O que a Bíblia diz sobre o suicídio? Perspectivas Chave

Cruze em um caixão de madeira em um funeral

Uma discussão sobre suicídio freqüentemente levanta questões difíceis, pessoais e dolorosas. Um suicídio age para acabar propositalmente com a própria vida. Muitos olham para a fé e se perguntam: 'O que a Bíblia diz sobre o suicídio?' Eles procuram respostas para acalmar sua própria depressão ou entender o que aconteceu com um ente querido que acabou com uma vida. Embora a Bíblia não use a palavra e pareça silenciosa, aprofundar-se no que ela diz pode proporcionar conforto e segurança para aqueles que estão lutando para encontrar uma perspectiva adequada sobre o assunto.




Escrituras sobre suicídio

A Bíblia não usa a palavrasuicídio, embora conte a história de alguns que cometeram suicídio. A Escritura fala freqüentemente sobre o valor da vida. Alguns consideram o ato final de Samson (Juízes 16: 26-31) ser um ato de suicídio ao empurrar as colunas sobre si mesmo e os filisteus, mas o martírio em um ato de fidelidade nem sempre é considerado suicídio. Existem seis outros exemplos que fornecem uma perspectiva melhor.



Artigos relacionados
  • O que a Bíblia diz sobre a morte? Crenças Básicas
  • Por que as pessoas cometem suicídio? Razões por trás da dor
  • Citações budistas sobre a morte

Abimalech - Juízes 9: 50-55

Abimalech, rei de Siquém, assassinou aqueles que escolheram desafiá-lo e resistir a ele. Enquanto ele tentava dominar a cidade de Tebez, as pessoas lutaram. Na batalha, uma mulher atingiu Abimalech na cabeça com uma pedra. O rei pediu a seu escudeiro que o matasse com uma espada para que as pessoas não pudessem dizer que ele foi morto por uma mulher.
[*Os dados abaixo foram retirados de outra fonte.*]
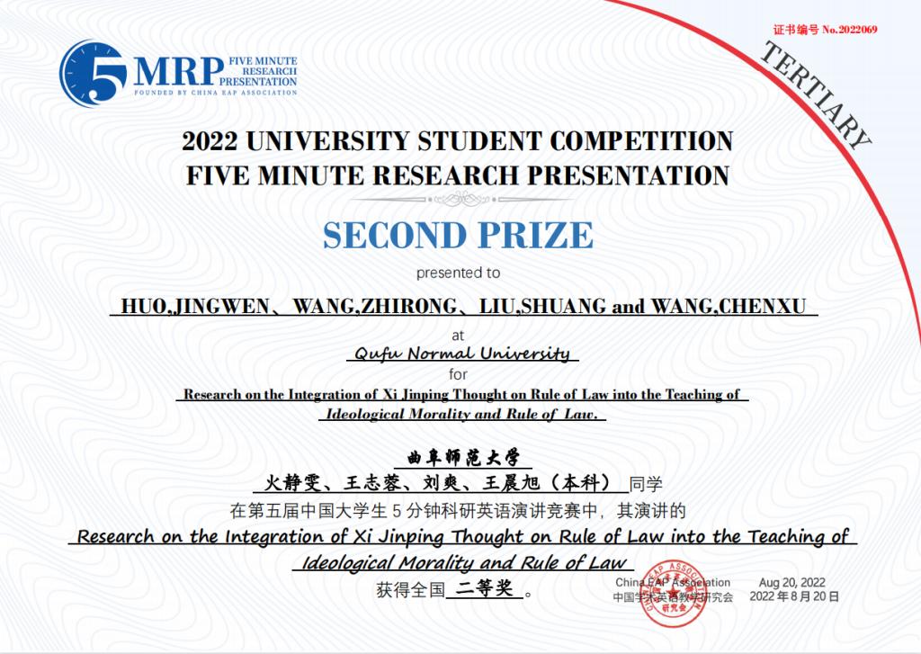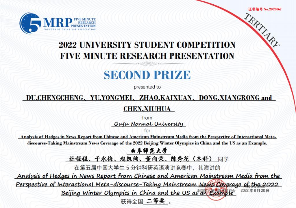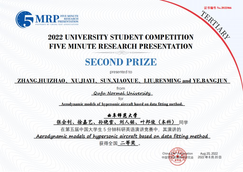 附2:第五届中国大学生五分钟科研英语演讲大赛华体会体育官方在线官网获奖团队获奖证书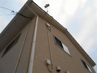 G屋根工事を同時進行で、壁面に接続箱を取り付けます。これで太陽光パネルからのケーブルを一つにまとめて屋内へ引込みます。 |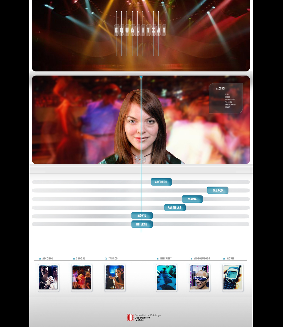 Equalitza´t es un aplicación de gamificación orientada a jóvenes de 14 a 25 años que propone una experiencia de usuario en la prevención y el conocimiento de las situaciones de riesgo asociadas al consumo de drogas, alcohol, tabaco y a las nuevas adicciones del siglo XXI. El “ecualizador” refleja en la pantalla los efectos que genera cada situación de riesgo y consumo de drogas en el rostro y rasgos faciales del usuario a la vez que muestra la informacion de lo que ocurre en cada caso.

Saul, Rei de Israel - 1 Samuel 31: 1-4

O profeta Samuel ungiu Saul como o primeiro Rei de Israel. Ele se atirou sobre uma espada após a morte de seus filhos durante uma batalha perdida com os filisteus. Saul fora atingido por uma flecha e temia o que aconteceria se o inimigo o capturasse. Ele implorou a seu escudeiro que cumprisse seu dever e o matasse, mas o servo hesitou. Em vez disso, Saul acabou com sua própria vida.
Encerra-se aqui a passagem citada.